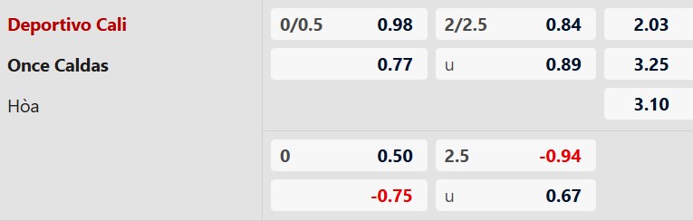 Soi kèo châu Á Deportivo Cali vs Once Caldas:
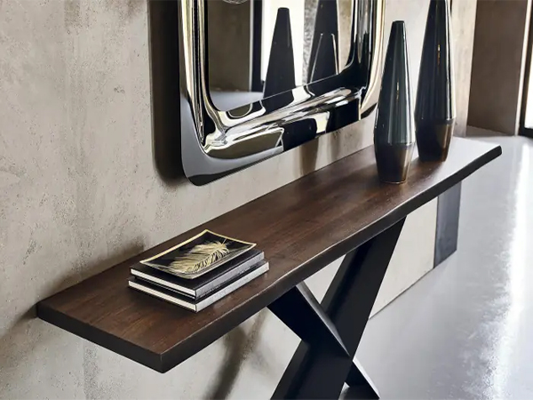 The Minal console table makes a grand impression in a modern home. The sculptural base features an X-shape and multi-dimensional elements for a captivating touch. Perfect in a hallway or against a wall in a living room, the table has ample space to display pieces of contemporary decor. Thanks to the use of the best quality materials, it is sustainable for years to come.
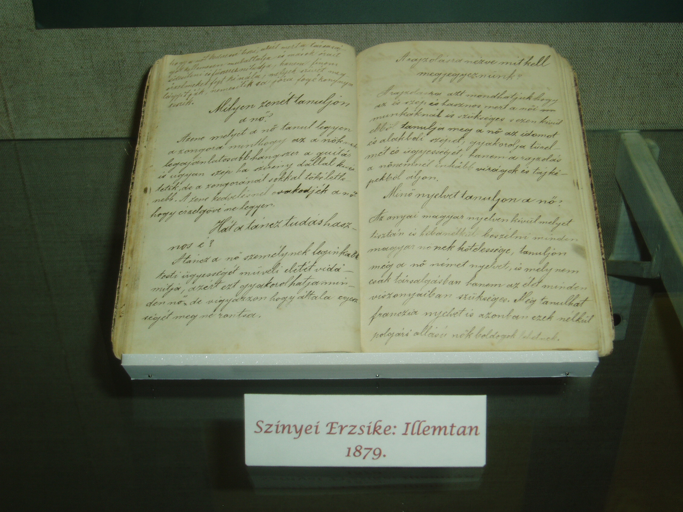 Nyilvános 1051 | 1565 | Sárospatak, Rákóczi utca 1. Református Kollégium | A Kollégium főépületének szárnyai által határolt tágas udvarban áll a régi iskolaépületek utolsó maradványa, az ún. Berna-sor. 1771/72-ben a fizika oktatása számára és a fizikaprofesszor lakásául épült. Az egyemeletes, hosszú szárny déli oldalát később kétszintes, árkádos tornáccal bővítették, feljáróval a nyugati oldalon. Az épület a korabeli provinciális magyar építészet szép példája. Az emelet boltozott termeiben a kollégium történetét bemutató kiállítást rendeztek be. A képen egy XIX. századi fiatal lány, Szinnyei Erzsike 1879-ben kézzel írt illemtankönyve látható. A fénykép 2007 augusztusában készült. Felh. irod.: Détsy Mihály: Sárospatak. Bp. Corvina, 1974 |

• • • •

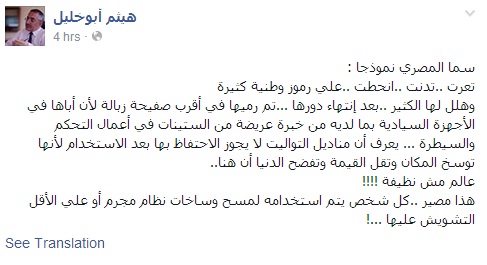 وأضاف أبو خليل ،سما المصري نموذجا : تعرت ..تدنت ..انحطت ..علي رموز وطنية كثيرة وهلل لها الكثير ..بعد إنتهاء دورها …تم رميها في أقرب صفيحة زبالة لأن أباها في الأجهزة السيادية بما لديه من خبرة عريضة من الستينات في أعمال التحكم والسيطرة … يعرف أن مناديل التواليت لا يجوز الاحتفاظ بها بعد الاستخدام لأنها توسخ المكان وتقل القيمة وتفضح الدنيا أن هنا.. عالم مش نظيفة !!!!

• • • •

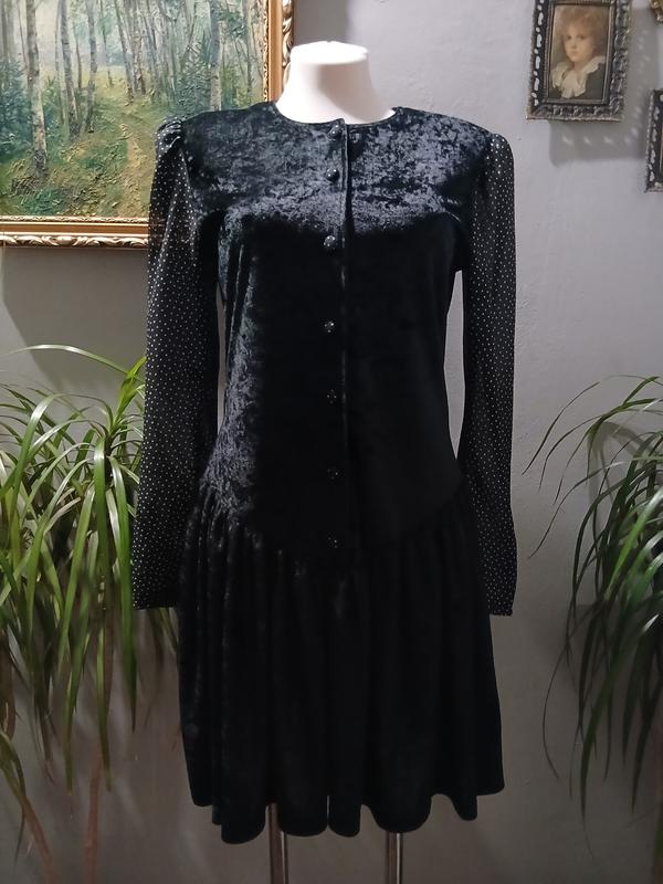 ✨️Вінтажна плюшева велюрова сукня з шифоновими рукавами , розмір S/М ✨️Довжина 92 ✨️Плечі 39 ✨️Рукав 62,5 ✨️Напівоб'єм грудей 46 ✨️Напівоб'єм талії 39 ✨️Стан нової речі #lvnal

• • • •

:: Problem to solve ::
Above are some records. Output exactly the lines from the one that contains "Soi kèo châu" to the one that contains "The Minal console", keeping both, and omit the pictures.

:: Response to the exercise ::
 Soi kèo châu Á Deportivo Cali vs Once Caldas:
 The Minal console table makes a grand impression in a modern home. The sculptural base features an X-shape and multi-dimensional elements for a captivating touch. Perfect in a hallway or against a wall in a living room, the table has ample space to display pieces of contemporary decor. Thanks to the use of the best quality materials, it is sustainable for years to come.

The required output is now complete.